In fact, the analysis indicates that past prescribing patterns often outweigh patient characteristics in determining which drug a patient might receive.
“Zolpidem and trazodone were the most widely prescribed initial sleep medication in a cohort of 1,105 patients,” study authors write. “Some providers showed a historical preference for one medication, which was highly predictive of their future prescribing behavior.”
To reach that conclusion, the investigative team focused on 1,105 Boston patients' medical records and accompanying clinical notes.
"Our results illuminate the notion that just as everyone else, many physicians are creatures of habit who tend to rely on cognitive shortcuts in their decision-making," explained first author Andrew Beam, PhD, a postdoctoral research fellow in the Department of Biomedical Informatics at Harvard. "Doctors are not always as rational as we'd like to believe."

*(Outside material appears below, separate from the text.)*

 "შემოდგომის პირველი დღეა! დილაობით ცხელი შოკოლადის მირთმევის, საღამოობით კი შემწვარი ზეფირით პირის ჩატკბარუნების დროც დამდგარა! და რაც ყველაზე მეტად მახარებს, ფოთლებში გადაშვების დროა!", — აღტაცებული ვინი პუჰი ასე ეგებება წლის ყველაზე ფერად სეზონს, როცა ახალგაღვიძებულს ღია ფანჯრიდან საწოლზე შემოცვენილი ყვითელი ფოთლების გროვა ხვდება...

The analysis compared prescribing for zolpidem, an effective, newer medication associated with side effects such as next-day drowsiness and dizziness, and trazodone, an older drug typically used for depression that is less effective for insomnia but has a well-established safety profile.

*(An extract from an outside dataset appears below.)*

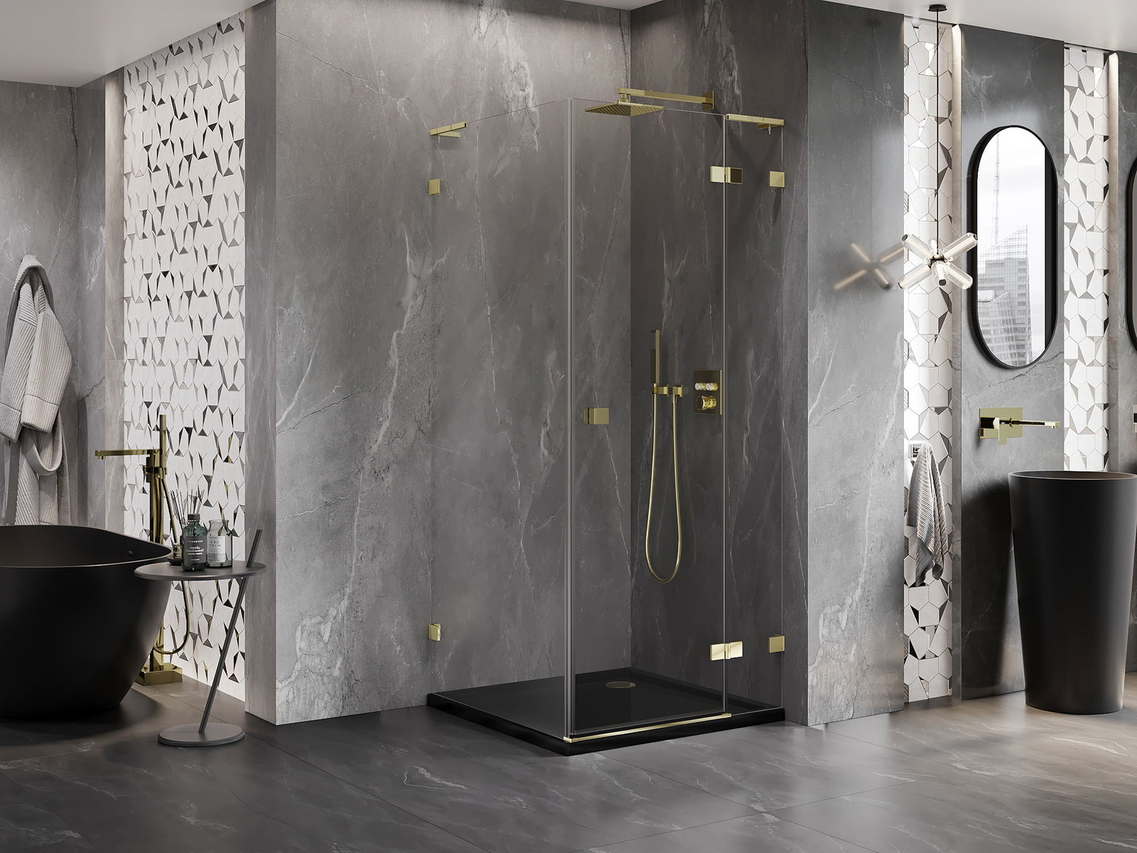 Mexen Lunar L shower enclosure hinged right 80 x 80 cm, transparent, gold - 834L-080-080-50-00-P

Results indicate that a physician who prescribed one medication in the past was three times as likely to continue prescribing the same drug. The prescribing pattern altered somewhat in specific situations: Patients who had symptoms of depression in addition insomnia were slightly more likely than those without depression to receive a prescription for trazodone.
“In this study, we present new methodology for understanding the physician-patient dynamics that drive clinical decisions,” the researchers conclude, adding, “We believe this study could be of clinical significance as it sheds light on an area that is often understudied (insomnia) and highlights an opportunity for further physician education on medication prescriptions for this patient population.”